Asset owners revisit opportunities in today's volatility
Persisting market volatility and the economic slowdown in China are creating attractive opportunities for asset owners across Asia Pacific. Pension funds in Asia Pacific are adopting various approaches to tap the emerging opportunities and meet their long-term objectives, State Street’s new Asset Owners Survey shows.
The survey, conducted by Longitude Research, reveals that more than two thirds of respondents in Japan (69%) are seeking higher-risk, higher-return strategies, while their counterparts in Australia, Singapore and Hong Kong are seizing the volatility to de-risk some of their portfolios.
These factors are paving the way for some asset owners to increase their exposure to various alternative investment asset classes where valuations for the long term are looking comparatively attractive.

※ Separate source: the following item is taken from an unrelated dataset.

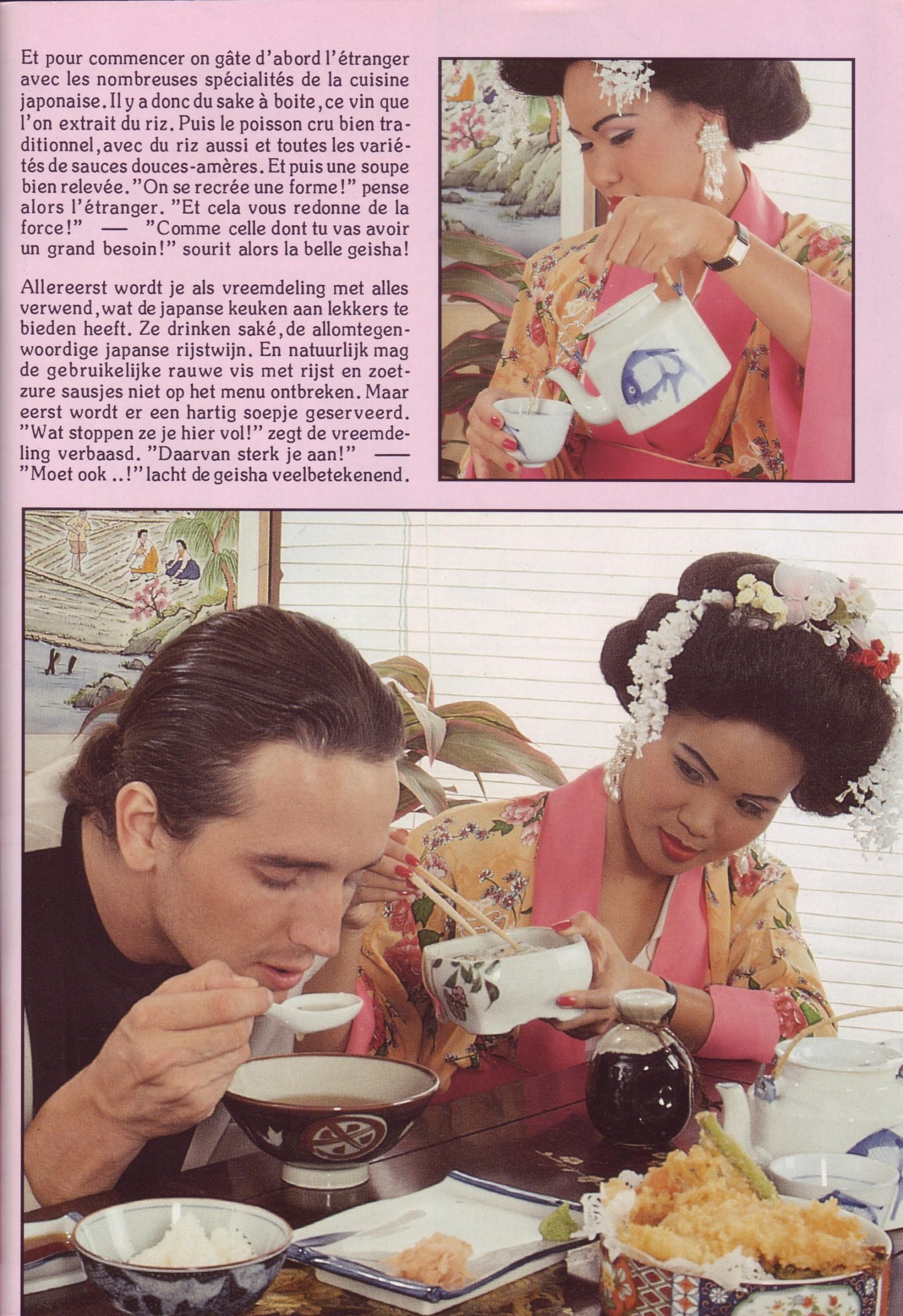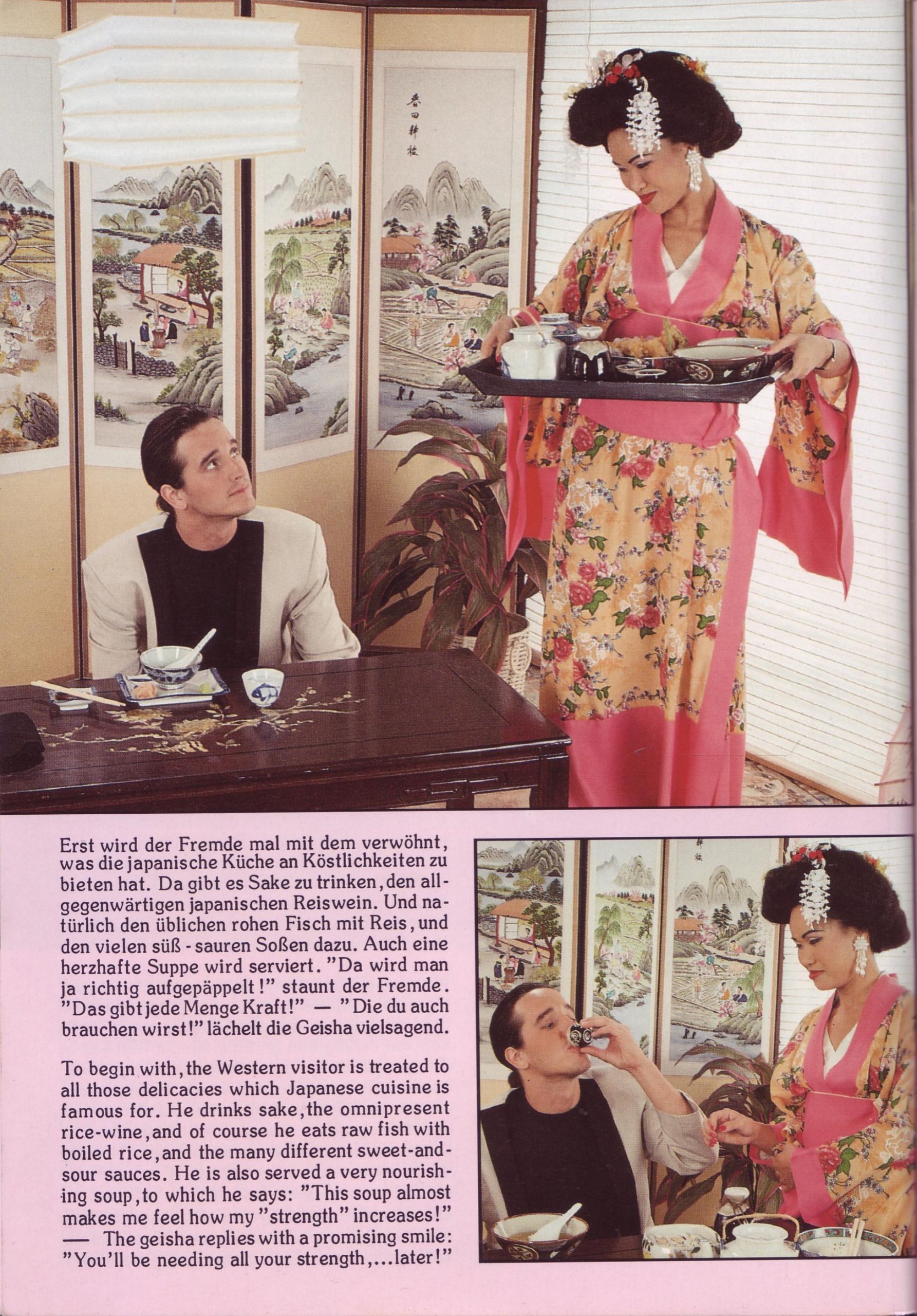 To begin with, the Western visitor is treated to all those delicacies which Japanese cuisine is famous for. He drinks sake, the omnipresent rice-wine, and of course he eats raw fish with boiled rice, and the many different sweet-and-sour sauces. He is also served a very nourishing soup, to which he says: “This soup almost makes me feel how my “strength” increases!” — The geisha replies with a promising smile: “You’ll be needing all your strength… later!”
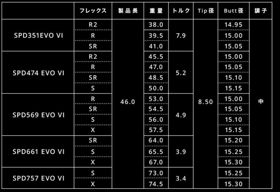 シリーズの中でも「飛距離性能と操作性のバランス」に優れたモデルとして知られ、特に先中調子系のスピーダーらしい高弾道とスピード感のある走りが特徴です。本記事では、エボリューション6の特性・スペック・他モデルとの違い・おすすめ層などを、実測データやメーカー情報をもとに詳しく解説します。

Our survey finds that over the next three years, at least half of pension funds in the region plan to increase their exposure in private equity (57%), infrastructure (54%) and funds of hedge funds (50%).
Nearly eight in 10 respondents in Singapore and Hong Kong plan to increase their exposure to single-manager hedge funds.
Understanding the challenges
As some asset owners increase their allocation to higher-risk, higher-return strategies, they will have important considerations for their governance capabilities.
Pension funds will be moving away from the more transparent volatility-based risk management with mark-to-market prices and shifting more into mark-to-model, where they have to change their performance and risk metrics.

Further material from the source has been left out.